[Data entries]

- - - -

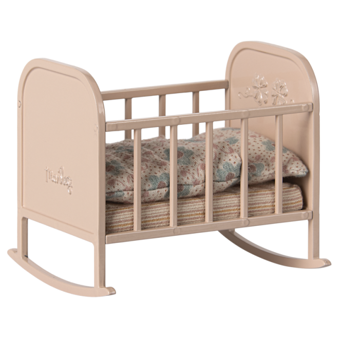 W różowej kołysce w stylu vintage malutkie myszki Maileg będą mogły spać spokojnie. Pościel z miękkiego materiału zapewni ciepełko przez całą noc. Pięknie zaprojektowana kołyska z metalu ma małe wytłoczenie kwiatka na wezgłowiu i zaokrąglone nogi, dzięki czemu można kołysać maluchy do snu.
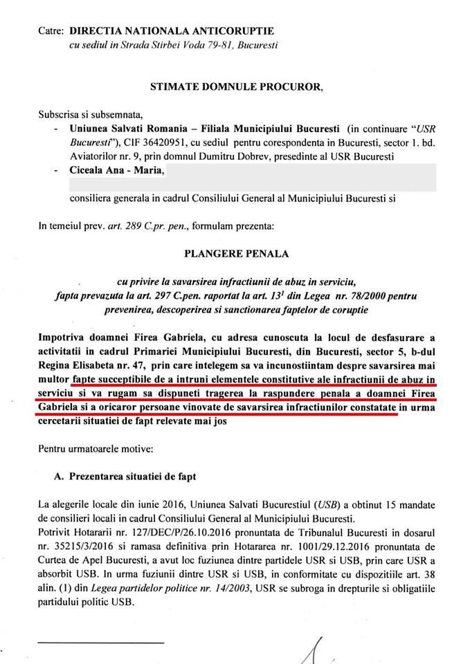 USR Bucureşti, plângere la DNA pe numele Gabrielei Firea
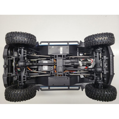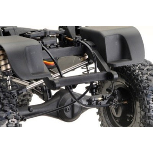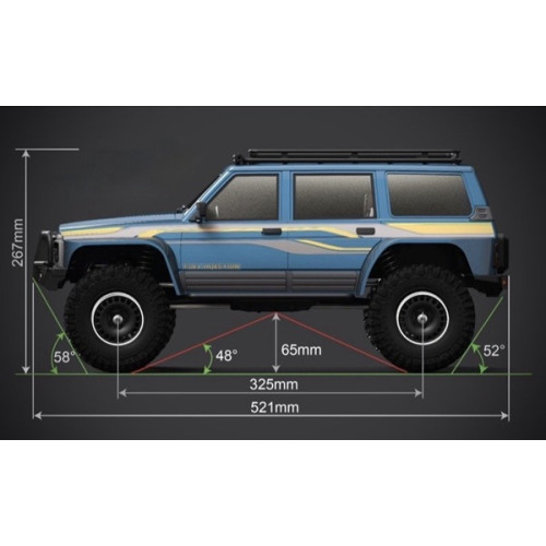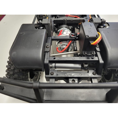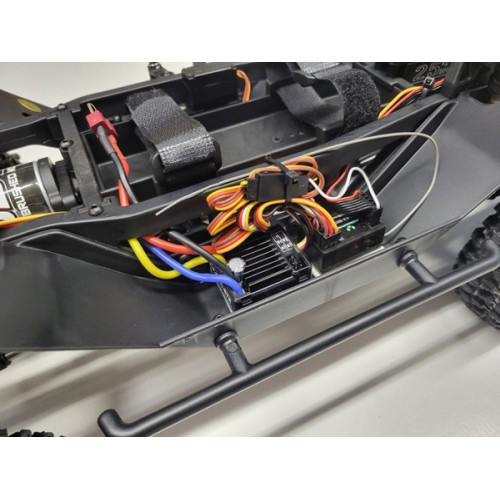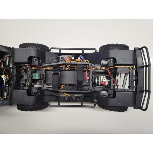 Nová generace expedičního speciálu Absima na podvozku CR4.4 1:10 s excelentními jízdními vlastnostmi. Model má pohon všech kol, je vybaven portálovými nápravami pro maximální průjezdnost terénem. Podvozek má díky novému umístění motru, převodovky a baterie velmi nízké těžiště, což výrazným způsobem vylepšuje jízdní vlastnosti. Dvoustupňová převodovka, uzávěrky diferenciálů, nainstalované LED osvětlení - vše je ovládané z vysílače. Pevný plastový rám s rozvorem 325mm je vybaven plastovými podběhy, které výrazně omezují pronikání nečistot na šasi. Nápravy jsou zavěšené na klasickém 4-linku (kovové linky). Poloosy jsou vybaveny odolnými U klouby, přední kola mají úhel zatočení 45° na každou stranu. Měkké pneumatiky s dezenem typu Hyrax s velkým gripem jsou nalepené na 2.2 plastových diskách. Tlumiče jsou olejové, kovové. Všechny převody jsou kovové (kromě velkého převodového kola u pastorku) a komplet zakrytované. Pastorek s převodovým kolem mají modul M0,6. Silné servo řízení s tahem 25kg s kovovými převody ovládá přední kola přes účinný tlumič řízení, toto řešení výrazně prodlužuje životnost serva a snižuje nároky na jeho výkon (tah). Elektromotor je stejnosměrný typ 550 s velkým točivým momentem. Regulátor je samostatný - Hobbywing WP-1060 60A, BEC 6V/3A s možností nastavení intenzity brzdy v neutrálu otočným ovladačem přímo z vysílače. Konektor na regulátoru je T-Dean. Karosérie je vybavena mnoha maketovými doplňky. Specialitou tohoto modelu je funkce DIG, která při zatáčení v náročném terénu může mechanicky uzavírat/brzdit zadní nápravu a tím výrazně zmenšovat poloměr zatáčení. Na rozdíl od běžných systémů DIG zde nebrzdí obě zadní kola, ale pouze jedno ve vnitřku zatáčky a tím dokáže ještě více snížit poloměr zatáčení a zvýšit manévrovací schopnosti modelu na omezeném prostoru.
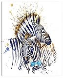 Designart Zebra Family Illustration Watercolor Contemporary Animal Art Canvas, 30×40, Blue
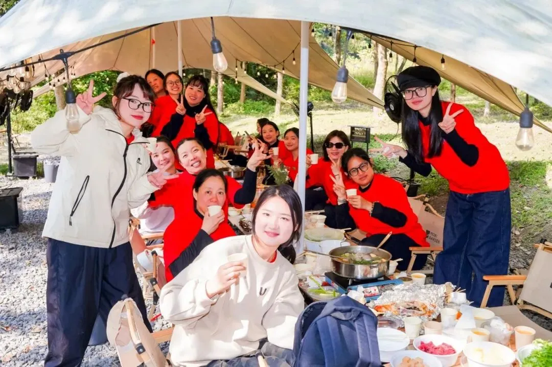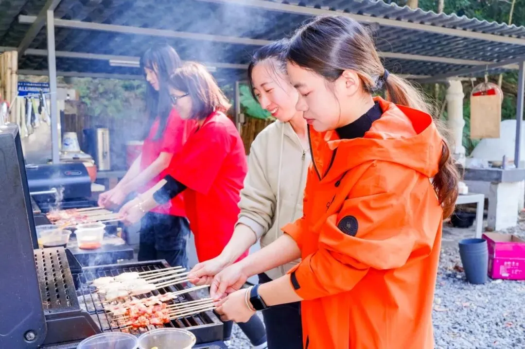 徒步结束后,围坐一起,共享美食,在烟火气中感受团队的温暖与惬意。
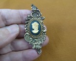 CT2-38 LADY woman blue white CAMEO brass scrolled Pin Pendant Jewelry brooch
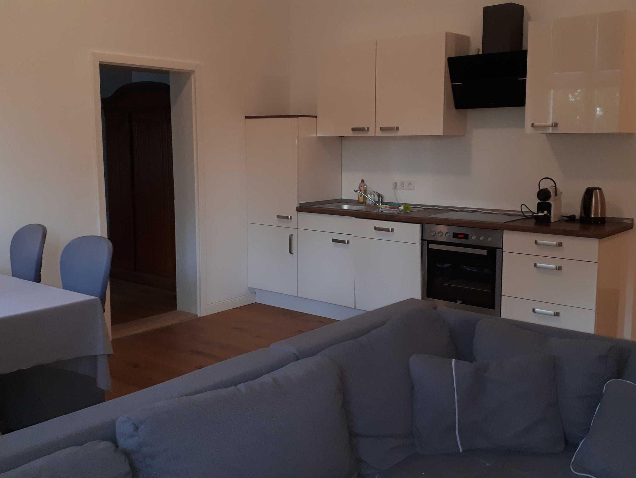 Alle Wohnungen sind ausgestattet mit einer modernen Küchenzeile, einem Kühlschrank und einer Backofen-/Mikrowellen-Kombination. In Anlehnung an das Gesamtkonzept der Kontraste ist das klassische Schloss innen hochmodern eingerichtet. So gibt es auch für Feriengäste sowohl modern, als auch klassisch ausgestattete Apartments.
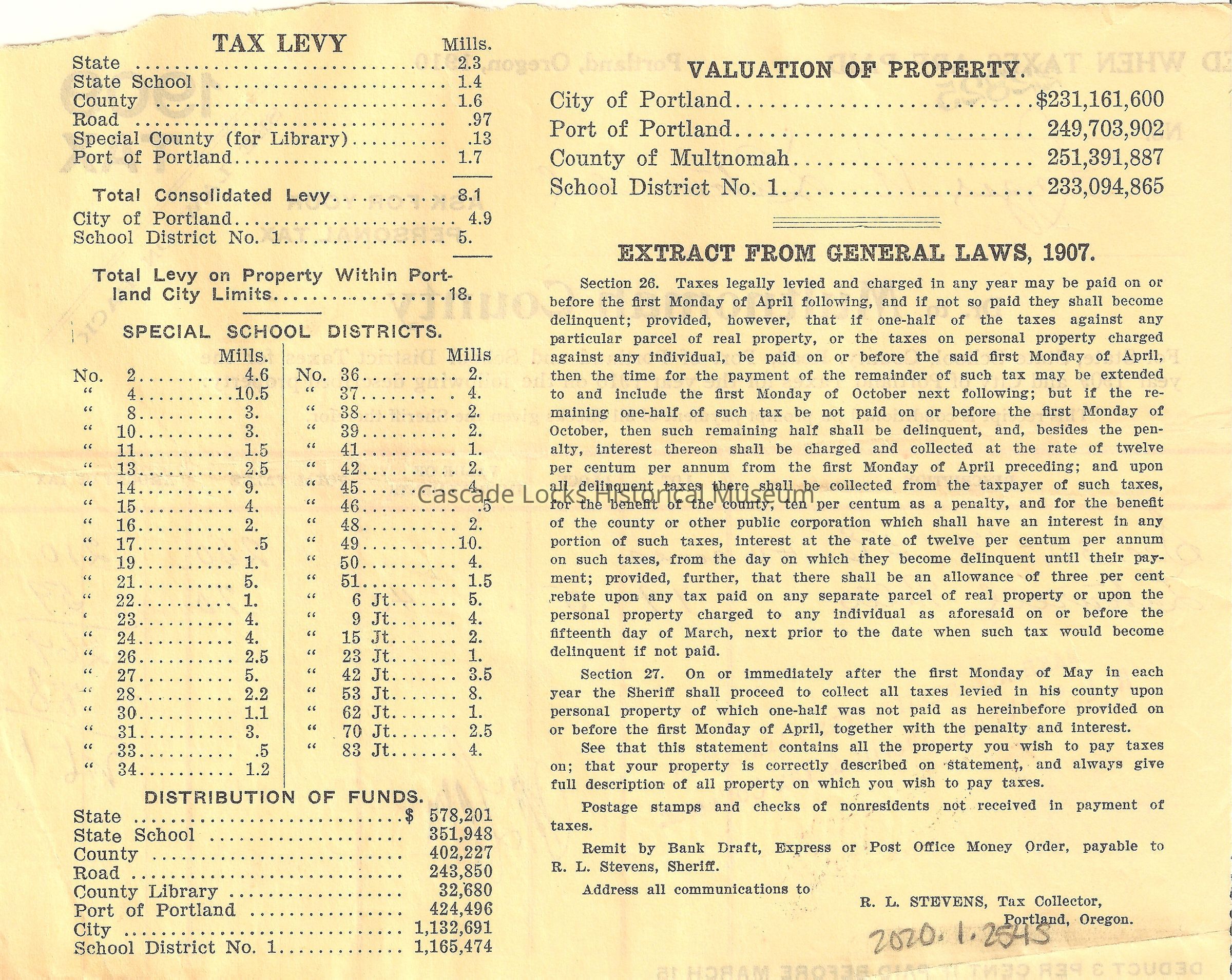 When Taxes are Paid, Portland Oregon, 1910. 1909 Tax

- - - -

◆ What to work on: Write out all the data exactly, minus pictures.

◆ Exercise output:
 W różowej kołysce w stylu vintage malutkie myszki Maileg będą mogły spać spokojnie. Pościel z miękkiego materiału zapewni ciepełko przez całą noc. Pięknie zaprojektowana kołyska z metalu ma małe wytłoczenie kwiatka na wezgłowiu i zaokrąglone nogi, dzięki czemu można kołysać maluchy do snu.
 USR Bucureşti, plângere la DNA pe numele Gabrielei Firea
 Nová generace expedičního speciálu Absima na podvozku CR4.4 1:10 s excelentními jízdními vlastnostmi. Model má pohon všech kol, je vybaven portálovými nápravami pro maximální průjezdnost terénem. Podvozek má díky novému umístění motru, převodovky a baterie velmi nízké těžiště, což výrazným způsobem vylepšuje jízdní vlastnosti. Dvoustupňová převodovka, uzávěrky diferenciálů, nainstalované LED osvětlení - vše je ovládané z vysílače. Pevný plastový rám s rozvorem 325mm je vybaven plastovými podběhy, které výrazně omezují pronikání nečistot na šasi. Nápravy jsou zavěšené na klasickém 4-linku (kovové linky). Poloosy jsou vybaveny odolnými U klouby, přední kola mají úhel zatočení 45° na každou stranu. Měkké pneumatiky s dezenem typu Hyrax s velkým gripem jsou nalepené na 2.2 plastových diskách. Tlumiče jsou olejové, kovové. Všechny převody jsou kovové (kromě velkého převodového kola u pastorku) a komplet zakrytované. Pastorek s převodovým kolem mají modul M0,6. Silné servo řízení s tahem 25kg s kovovými převody ovládá přední kola přes účinný tlumič řízení, toto řešení výrazně prodlužuje životnost serva a snižuje nároky na jeho výkon (tah). Elektromotor je stejnosměrný typ 550 s velkým točivým momentem. Regulátor je samostatný - Hobbywing WP-1060 60A, BEC 6V/3A s možností nastavení intenzity brzdy v neutrálu otočným ovladačem přímo z vysílače. Konektor na regulátoru je T-Dean. Karosérie je vybavena mnoha maketovými doplňky. Specialitou tohoto modelu je funkce DIG, která při zatáčení v náročném terénu může mechanicky uzavírat/brzdit zadní nápravu a tím výrazně zmenšovat poloměr zatáčení. Na rozdíl od běžných systémů DIG zde nebrzdí obě zadní kola, ale pouze jedno ve vnitřku zatáčky a tím dokáže ještě více snížit poloměr zatáčení a zvýšit manévrovací schopnosti modelu na omezeném prostoru.
 Designart Zebra Family Illustration Watercolor Contemporary Animal Art Canvas, 30×40, Blue
 徒步结束后,围坐一起,共享美食,在烟火气中感受团队的温暖与惬意。
 CT2-38 LADY woman blue white CAMEO brass scrolled Pin Pendant Jewelry brooch
 Alle Wohnungen sind ausgestattet mit einer modernen Küchenzeile, einem Kühlschrank und einer Backofen-/Mikrowellen-Kombination. In Anlehnung an das Gesamtkonzept der Kontraste ist das klassische Schloss innen hochmodern eingerichtet. So gibt es auch für Feriengäste sowohl modern, als auch klassisch ausgestattete Apartments.
 When Taxes are Paid, Portland Oregon, 1910. 1909 Tax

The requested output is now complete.